**ABOUT THIS TASK:**
Repeat exactly what runs from the line with "- [인천경기] 불기" through the last line of the material, and keep the pictures out of it.
━━━━━ DATASET CONTENT ━━━━━
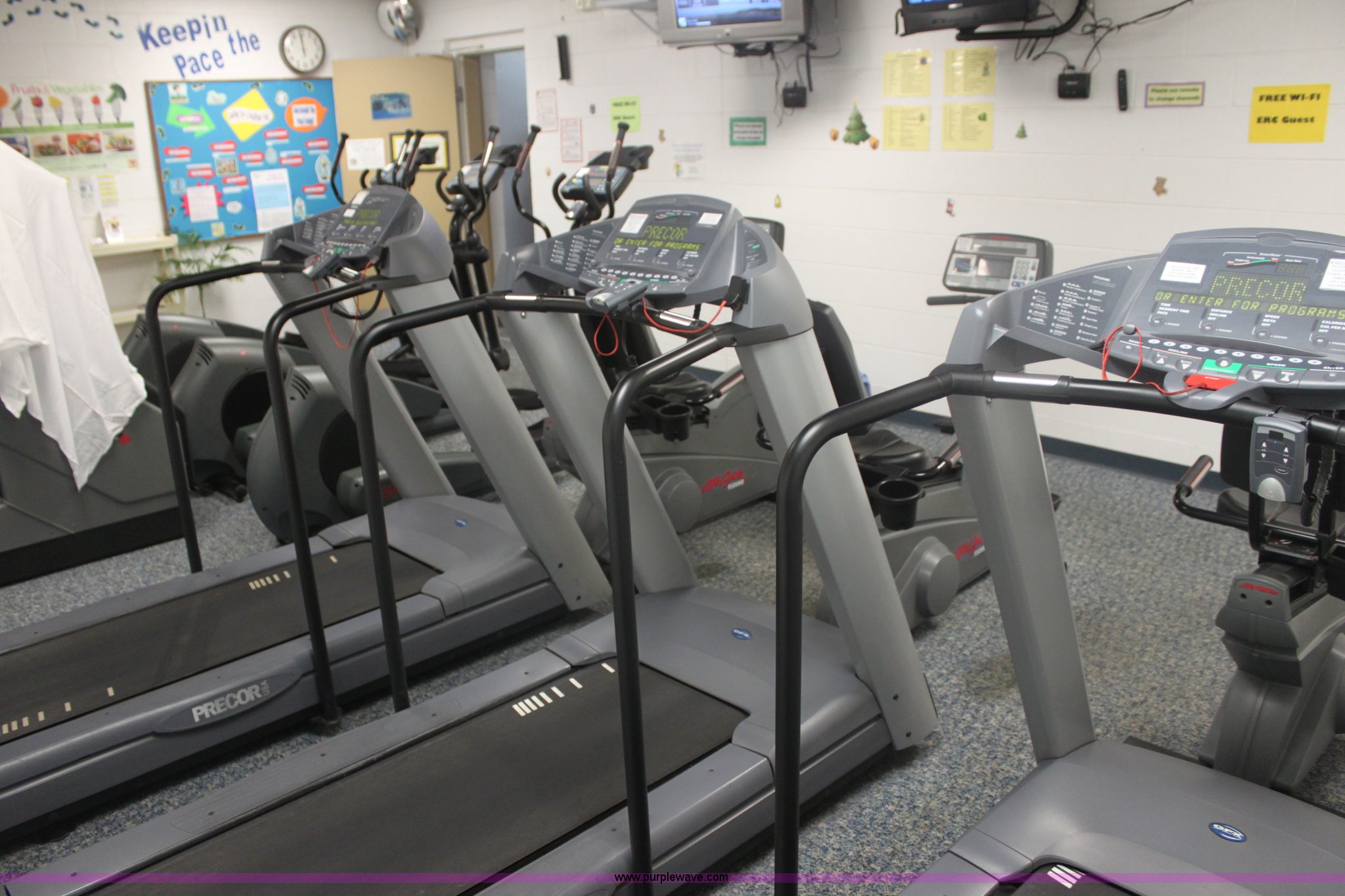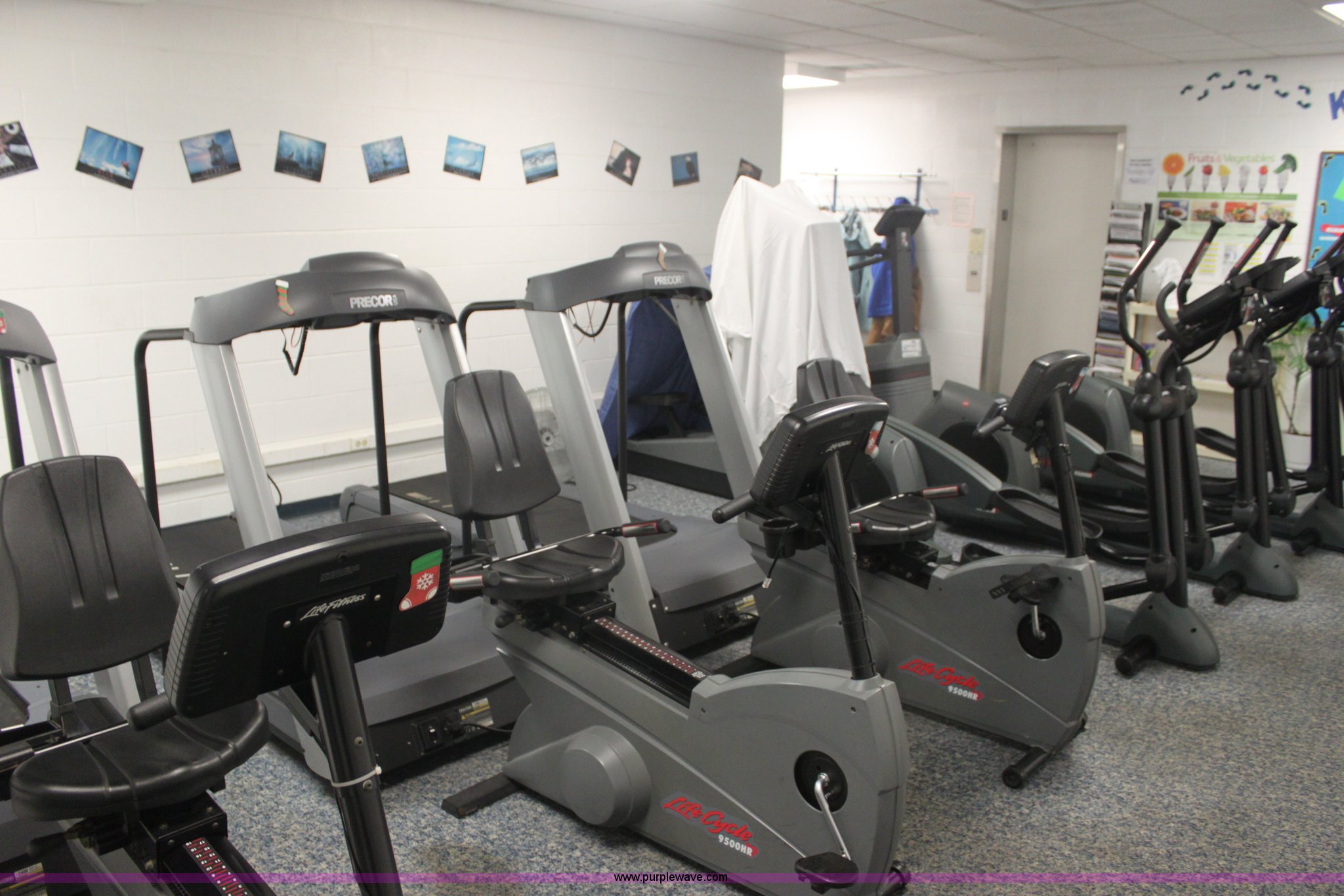 Assorted fitness equipment. (5) treadmills (3) 2005 Precor Model C956i, 220 watts, (2) 2004 Precor Model C956, 110 watts, (4) cross-trainers 1999 Life Fitness Elliptical Model LS9500HR, (3) 2001 Life Fitness Elliptical Model CT9500HHR, 1999 Life Fitness LS9500 stair climber, (3) 1999 Life Fitness Recumbent 9500HR bike, (16) pieces of weight training Quantum Fitness equipment 1999 vertical chest press Model FT-510, 250 lbs, 1999 seated vertical row Model FT535, 200 lbs, 1999 bicep curl Model FT520, 150 lbs, 1999 tricep extension Model FT521, 150 lbs, 1999 shoulder press Model FT502, 200 lbs, 1999 rigid pull down Model FT508, 250 lbs, 1999 pectoral butterfly Model FT5111, 150 lbs, 1999 seated leg curl Model FT555, 200 lbs, 1999 seated leg extension Model FT560, 250 lbs, 1999 horizontal leg press Model FT563, 400 lbs, 2000 hip/buttock Model FT549X, 200 lbs, 2000 adductor/abductor combination Model CS566, 200 lbs, 1999 back extension Model FT534, 200 lbs, 2000 abdominal crunch Model CS566, 200 lbs, 2006 roto-crunch Model QES-2024, 150 lbs, 2007 Power System KPS-FID multi-angle bench, Some items will be disassembled by sale date. Emporia Recreation. Emporia, KS 66801
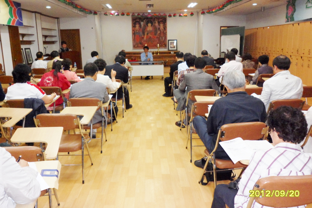 - [인천경기] 불기 2556년 9월 15일 토요일. 평소 운영위원회의를 진행 하던 지역단 사무실에서 벗어나 이 달에는 가 까운 근교의 인천경기지역단 소속 팀장이 운영하는 식당에서 운영위원회의를 진행하였습니다. 이날 운영위원회의에서는 지난달 운영위 결과 보고와 한 달동안 있었던 경과 보고를 하고, 다음으로는 안건 상정하여 회의를 진행하였습니다. 9월 8일 송광사에서 치뤘던 팔재계에 대한 평가가 있었고, 팀장 연수에 관한 건도 진행하여 11월 희망하시는 운영위원들을 대상으로 백령도 몽운사에서 1박2일 진행하 기로 의결하였습니다. 회의를 마치고 8재계 표창장 수여식이 있었습니다. 참여율이 가장 높았던 군3팀(팀장 남시우)에 금일 봉과 함께 표창장이 수여되었습니다. 식사와 함께 담소를 나누며 즐거운 운영위원회의가 진행되었습니다.
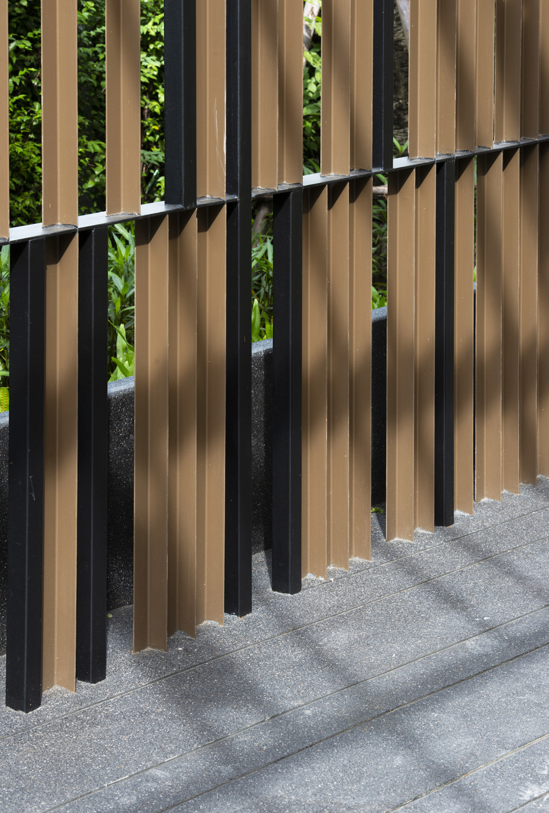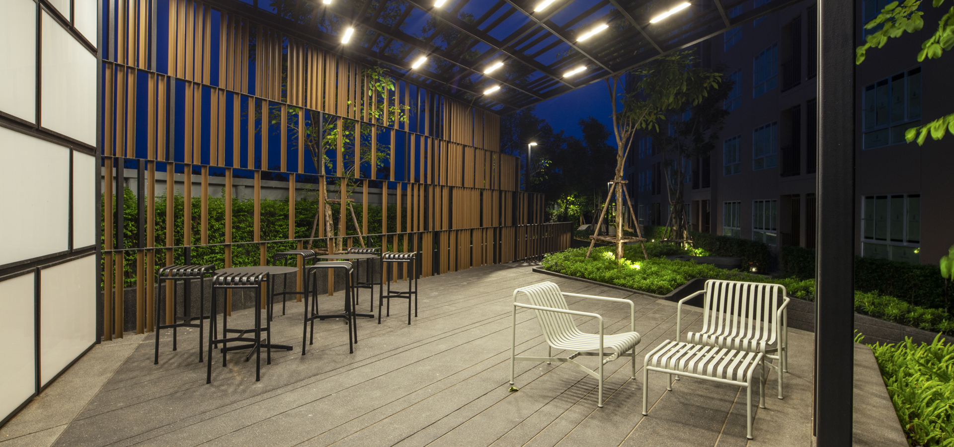 นอกจากนี้ การออกแบบยังคำนึงถึงรำยละเอียดของการใช้งานตามลักษณะของนักศึกษาตามที่กล่าวมา เช่น ลายตารางของ เกมส์ต่างๆ ที่ถูกผสานเข้าไปเป็นส่วนหนึ่งของ Hardscape Pattern ซึ่งเมื่อไม่มีการใช้งานก็ดูกลมกลืนไปกับสวน กำรออกแบบที่นั่งให้สามารถหันทิศทางการนั่งไปแบบที่ต้องการ หันหลังเพื่อ “คิดงาน” แล้วหันหน้าไปอีกฝั่งเพื่อ “คุยงาน” ก็ได้เช่นกัน
━━━━━
**RESPONSE FOR THIS EXERCISE:**
 - [인천경기] 불기 2556년 9월 15일 토요일. 평소 운영위원회의를 진행 하던 지역단 사무실에서 벗어나 이 달에는 가 까운 근교의 인천경기지역단 소속 팀장이 운영하는 식당에서 운영위원회의를 진행하였습니다. 이날 운영위원회의에서는 지난달 운영위 결과 보고와 한 달동안 있었던 경과 보고를 하고, 다음으로는 안건 상정하여 회의를 진행하였습니다. 9월 8일 송광사에서 치뤘던 팔재계에 대한 평가가 있었고, 팀장 연수에 관한 건도 진행하여 11월 희망하시는 운영위원들을 대상으로 백령도 몽운사에서 1박2일 진행하 기로 의결하였습니다. 회의를 마치고 8재계 표창장 수여식이 있었습니다. 참여율이 가장 높았던 군3팀(팀장 남시우)에 금일 봉과 함께 표창장이 수여되었습니다. 식사와 함께 담소를 나누며 즐거운 운영위원회의가 진행되었습니다.
 นอกจากนี้ การออกแบบยังคำนึงถึงรำยละเอียดของการใช้งานตามลักษณะของนักศึกษาตามที่กล่าวมา เช่น ลายตารางของ เกมส์ต่างๆ ที่ถูกผสานเข้าไปเป็นส่วนหนึ่งของ Hardscape Pattern ซึ่งเมื่อไม่มีการใช้งานก็ดูกลมกลืนไปกับสวน กำรออกแบบที่นั่งให้สามารถหันทิศทางการนั่งไปแบบที่ต้องการ หันหลังเพื่อ “คิดงาน” แล้วหันหน้าไปอีกฝั่งเพื่อ “คุยงาน” ก็ได้เช่นกัน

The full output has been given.